[taken from Chapter 9 Manx Worthies, A.W.Moore, 1901]

EMILY MARIA GAWNE, nee MURRAY (b. 1814, d. 1889),

the second daughter of Colonel Richard Murray and Catherina Bacon, and great granddaughter of John, the third Duke of Atholl, was born at the Hill's House, in Douglas, but spent most of her young life, till she was married to Edward Moore Gawne (see p. 75) in 1835, at Mount Murray. Till her father in-law's death in 1837, when they removed to Kentraugh, she and her husband lived at Ardairey in Arbory. When once settled at Kentraugh, she inaugurated the systematic plan of almsgiving which she carried out during the rest of her life. Her charitable deeds, though munificent, were never spasmodic, being thoroughly well directed, and organized in a business-like way.
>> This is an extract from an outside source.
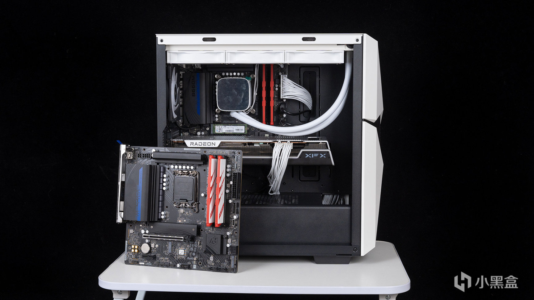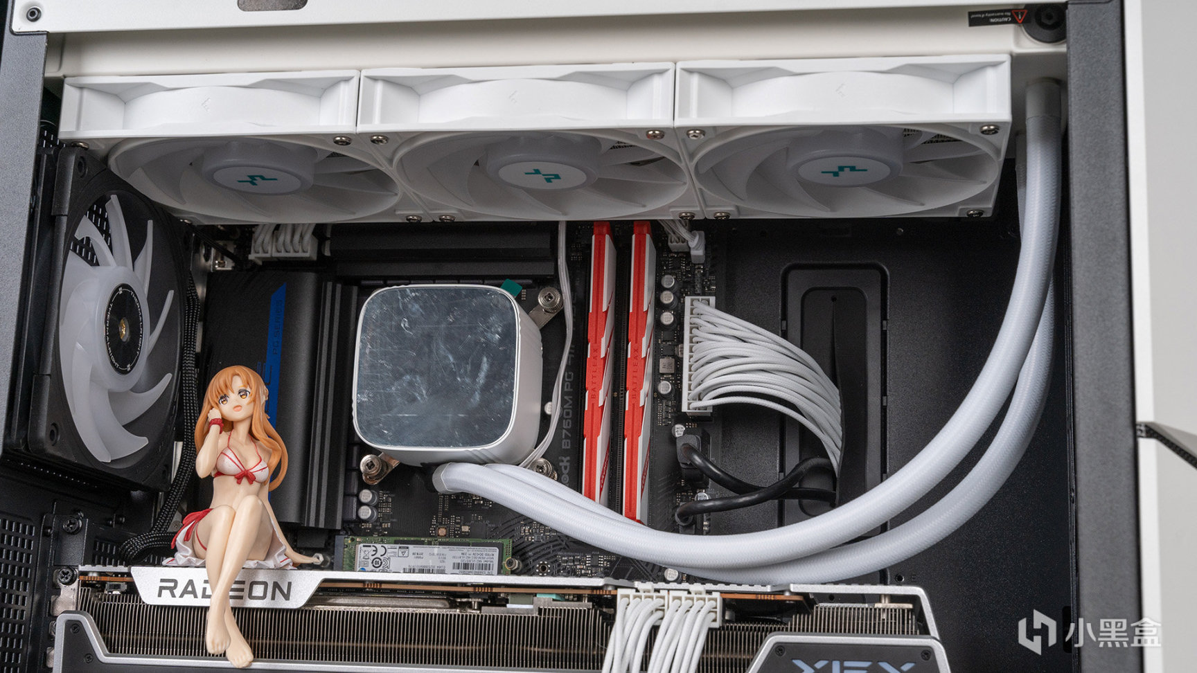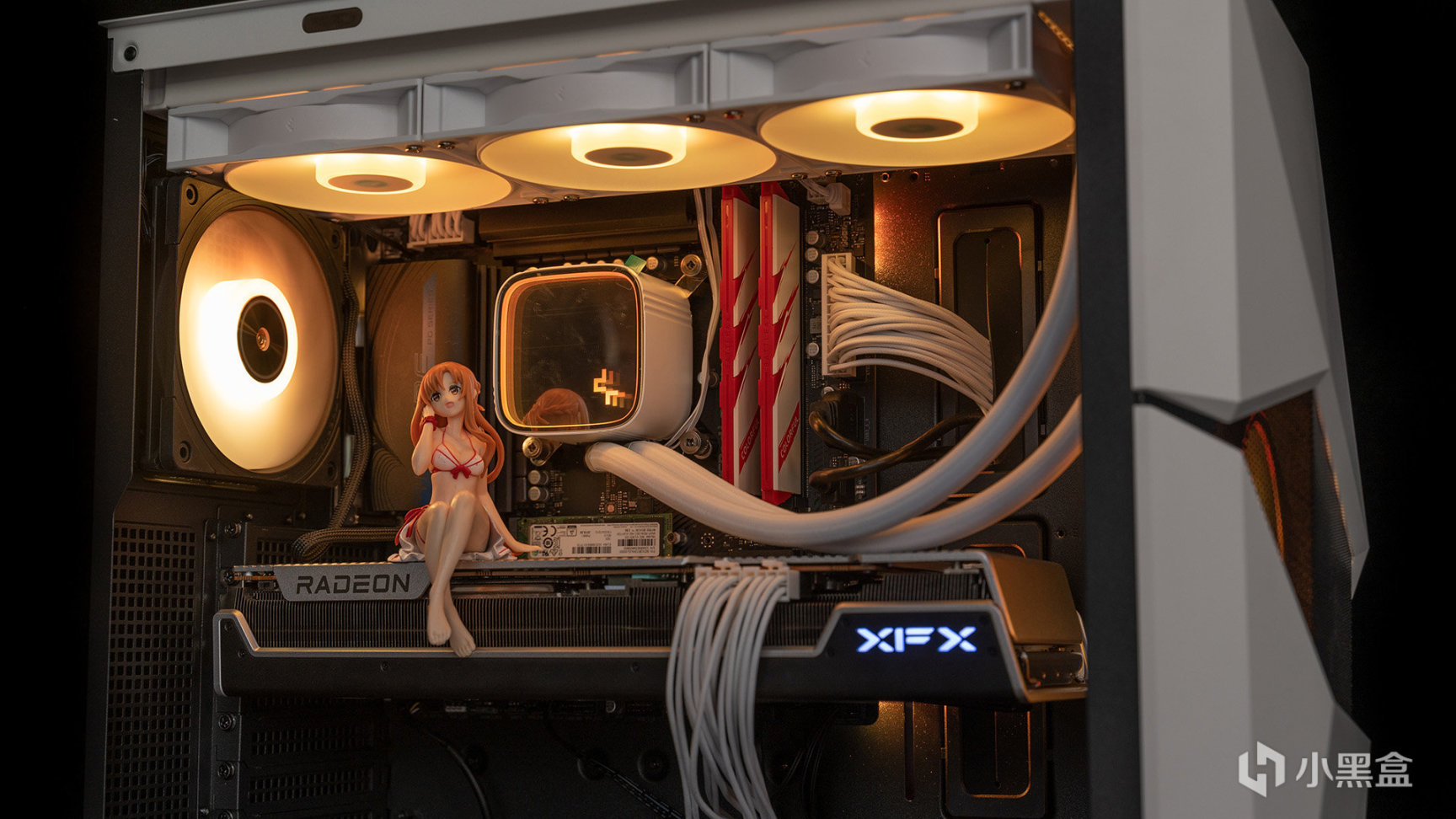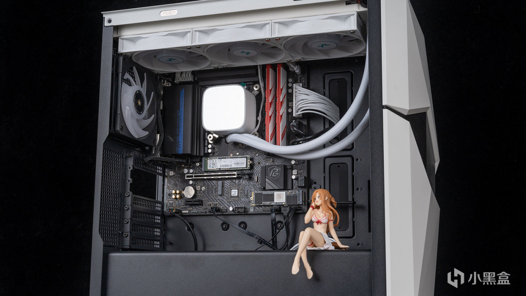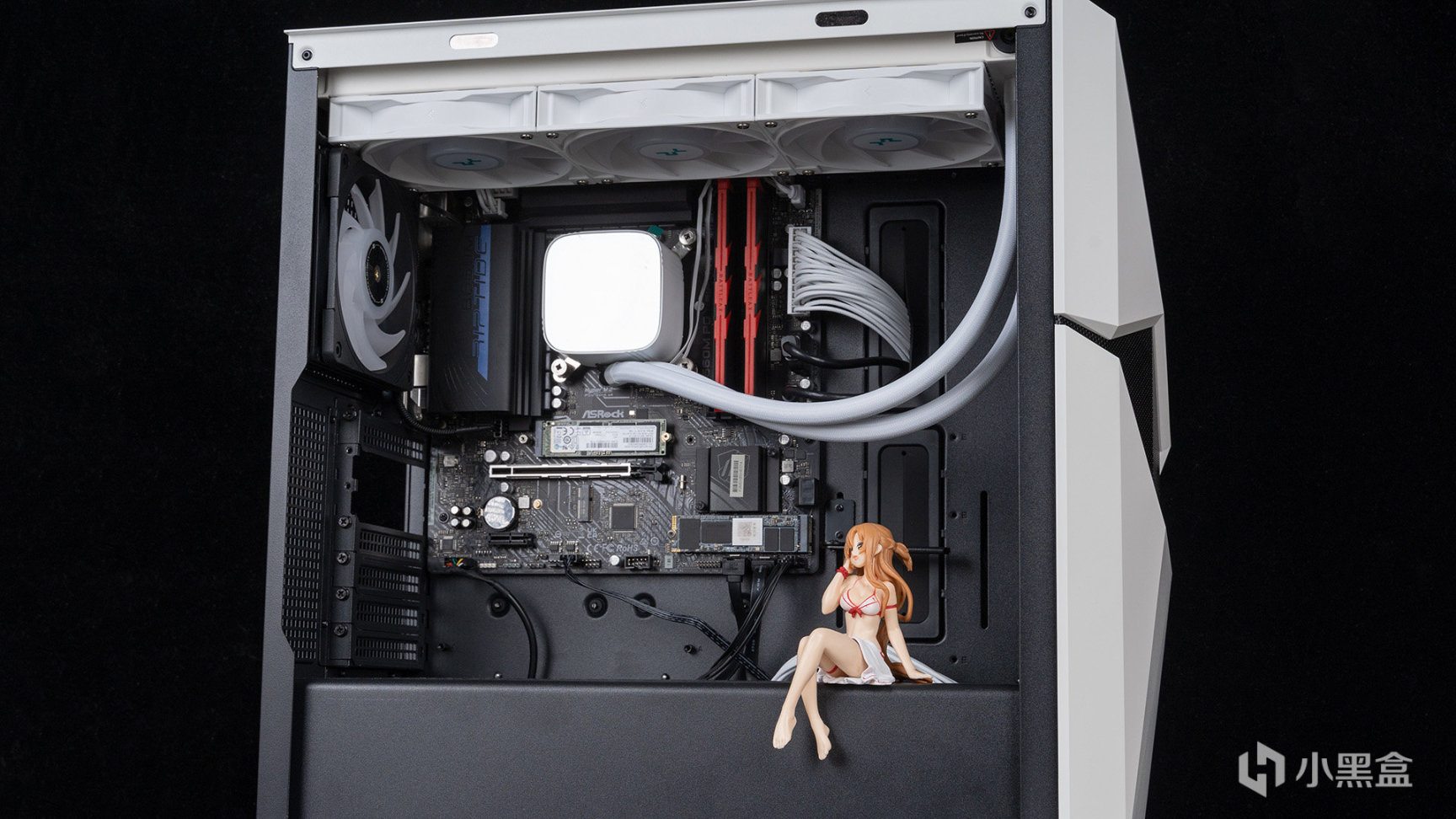 B660M PG Riptide上机效果一览,由于是MATX板型,机箱的下方空间还是很空缺的,整体看起来就很dry,于是把结城明日奈摆上去了,看起来舒服多了。

An instance of this is afforded by the benefit society in the parish of Rushen, which she instituted in 1843. Again, during the time of the Irish famine, when there was great destitution in the island, she started a shop where tea, groceries, and other necessaries were sold at cost price, and she also gave employment to a number of people in spinning and weaving wool. Before the introduction of public elementary education in 1872, she largely supported the girls' school. in the parish of Rushen, and she was mainly instrumental in building the new church at Port St. Mary. A true lady bountiful, she was regarded with affection, mingled with profound admiration and respect for her pious and amiable life. In her relations to her husband, her family, and her friends, she was in every respect admirable, and she performed the duties of hostess with dignity and affability. To commemorate her goodness and kindness to the poor, a slained glass window has been erected in Rushen parish church, the subject of which is very appropriately The Raising of Dorcas."